A baby deer, off to the side of our driveway, just inside the fence, curled up the way its Mama taught it to lie curled in the bushes.  Only this one was right out in the open, which seemed odd.  At first it look like a large dog.  We stopped the van and stared at it.  "I think it's a deer," I said.

"If it's dead I don't want to look at it," my daughter said.

That may sound like a weird first reaction to you city folks, but we get dead animals sometimes in the country.  My dear good dog Xena once proudly brought home a deer head.  Our daily inspection of the water troughs is known as the "dead squirrel check," and I've encountered dead voles, groundhogs, mice, birds, skunks, rabbits, and snakes going about my daily business.  We get odd live animal encounters, too: for awhile I seemed to be breeding black widow spiders beneath one of the troughs, and once a 14-foot-long black snake stretched himself absolutely straight to sun himself on our driveway.  I know he was 14-foot-long because he perfectly fit on our 14-foot-wide drive.  It took me a few minutes of staring to realize he was fine, just basking, and I carefully drove through the grass to avoid him.  I love black snakes.

Anyway, the fawn raised its head to look at us, and perked its ears, which seemed reassuring, so we drove on.  "But where was Mama?" my daughter worried.  I worried about that, too; the fawn still had spots so wasn't old enough to be left on its own.  Perhaps Mama had been hit, I thought, and was lying in the ditch outside our fence.  It wouldn't be the first time.  When a deer dies, we call the county officials, who come and get it and throw it into a big walk-in freezer they keep, then eventually feed it to the wolves on exhibit on Bays Mountain.  I find this wholly reasonable.  But when I came home there was no evidence of Mama, dead or alive, and the fawn still lay curled on my lawn. 

I stopped the car and walked over to it.  It watched me unmoving.  I touched it, and it still didn't move.  It had been hurt, I saw:  there was some blood on its backside, and one leg was wounded.  It didn't look very damaged but there was something unnerving about the way the small creature let me roll it over and examine it without protest.

Now, I have sense enough to leave a wounded raccoon alone, and if I saw a wounded groundhog I'd probably take a pitchfork and move it just a little closer to the road, but Bambi was another thing entirely.  I went to the house and came back with a blanket.  The fawn struggled only once, feebly, as I carefully swaddled her; when I lifted her she felt as limp as a sleeping toddler.  I tucked her into the back of the van, hoping she wouldn't have a sudden resurgence of energy and fight her way loose while I was driving, and also hoping she wouldn't die on the way to the vet's.

I live in a small town and have a lot of animals, so when I staggered in carrying a blanket-wrapped bundle the vet's receptionist, Annina, said, "Oh, no--oh.  It's a deer."  Then she opened the door to the back and hollered, "Dr.
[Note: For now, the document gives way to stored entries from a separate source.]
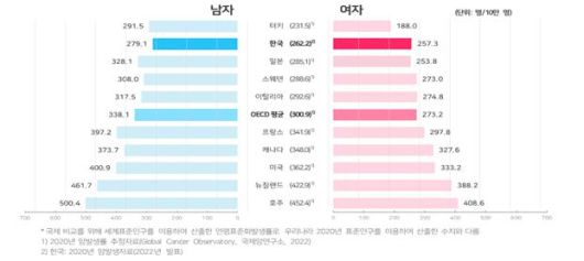 세계표준인구로 보정한 한국 암 발생률은 인구 10만명당 262.2명으로 경제협력개발기구(OECD) 평균(300.9명) 및 미국(362.2명), 프랑스(341.9명), 캐나다(348.0명), 이탈리아(292.6명) 등보다 낮은 수준이다.
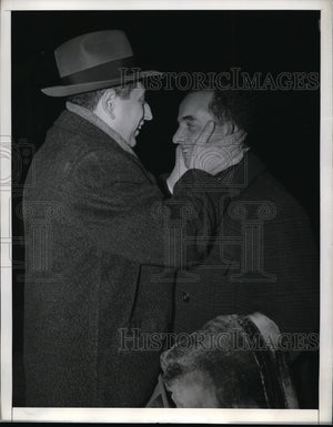 1942 Press Photo French refugees arrive NY, Norris Laipsker meets Albert Guitman
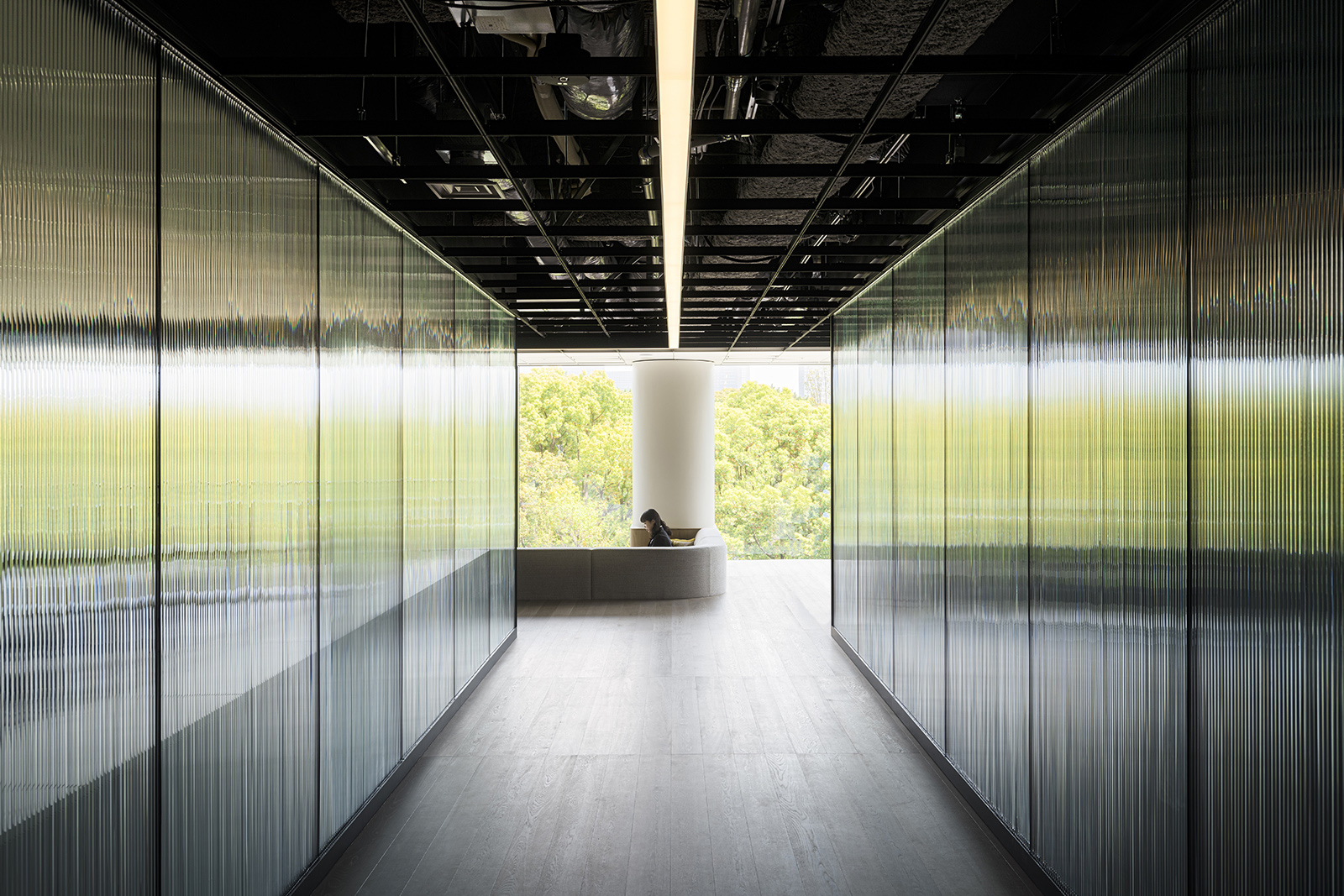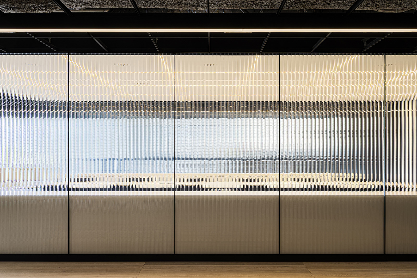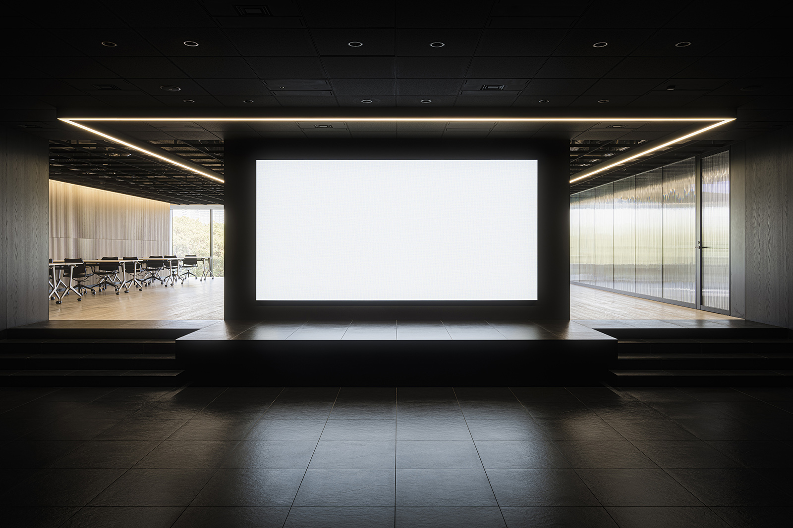 An office design for an in-house hive of creativity, this space functions as a laboratory to develop, nurture and present ideas. At the entrance, a theater-like presentation stage welcomes guests in a grand manner. From within the blackout interiors of the welcoming area, architectural elements of light emerge to float in the darkness, creating a spellbinding space that seems disconnected from the rest of the structure. Shallow steps lead into a light-filled office area beyond, where floor-to-ceiling windows stand out against the light-toned woods and black lines of the space. Areas are separated by meticulously textured glass partitions. Within these translucent overlapping configurations, people and objects become abstract presences in each space. This becomes an expression of the confidential nature of the lab’s experimentation and the open mindedness that is essential for open communication and creativity. Ahead of the windows, a spacious sofa lounge offers visitors relaxing views of verdant greenery outside. Its sunken floor physically lowers visitors to change their perspective and encourage new ways of seeing things. Every area of the office space is designed to stimulate ideas and streamline their experimentation and implementation.
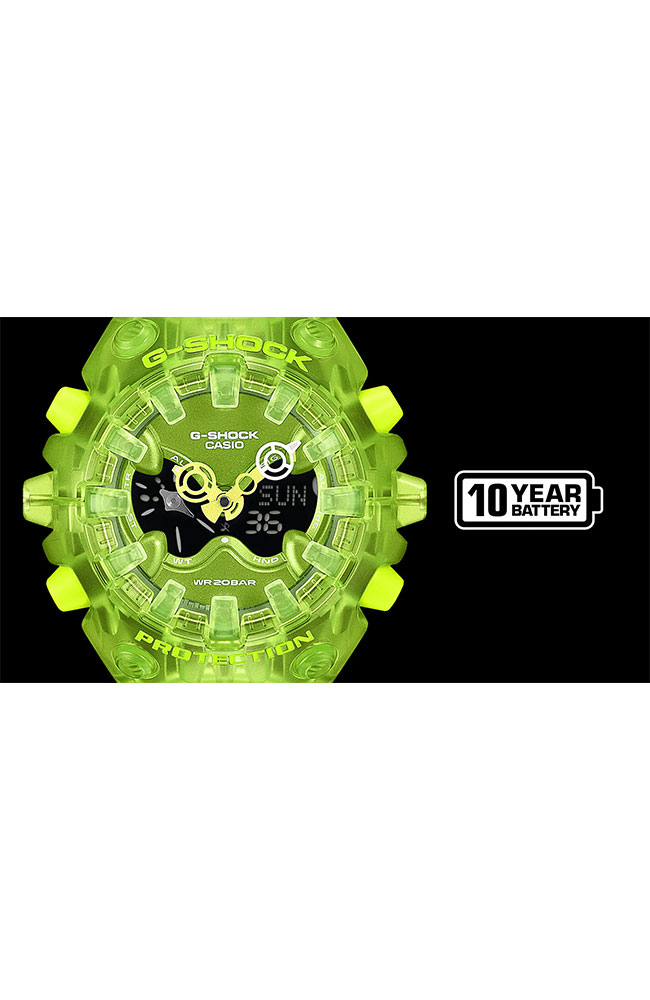 Η κεντρική κάσα που προστατεύει τον μηχανισμό καλύπτεται από ένα εξωτερικό περίβλημα με ενιαία κατασκευή στεφάνης και λουριού, ενώ οι μεγάλοι τρισδιάστατοι δείκτες εκτείνονται πάνω από το γυαλί λειτουργώντας και ως απορροφητικά προστατευτικά κραδασμών. Αυτός ο μοναδικά δυναμικός σχεδιασμός προσφέρει μια εντελώς νέα εμφάνιση, διατηρώντας παράλληλα την χαρακτηριστική αντοχή σε κραδασμούς της G-SHOCK.

Allen, Ms. Bradley's brought a deer," took my purse before I dropped it, and hustled me and the fawn into a room. 

Dr. Allen has been a friend for a long time.  He opened the blanket and carefully studied the little deer's wounds.  "Has to be internal injuries," he said.  "She's awfully out of it for no more damage than this."

"Coyotes?" I asked.  We've been having a coyote issue lately. 

He shook his head.  "They would have eaten her.  No, these are abrasions.  A car hit her."

I didn't think the fawn likely to survive, but I was still sorry.  Dr. Allen carried her off to put her down.  He didn't so much as put a note in my file, let along charge me, but this is the vet who refused to charge me to euthanize my dear good dog Xena on the grounds that I'd rescued her and given her a good life.  I didn't rescue the deer, as it turned out, but I did put an end to her suffering, and that's all the story I've got for today.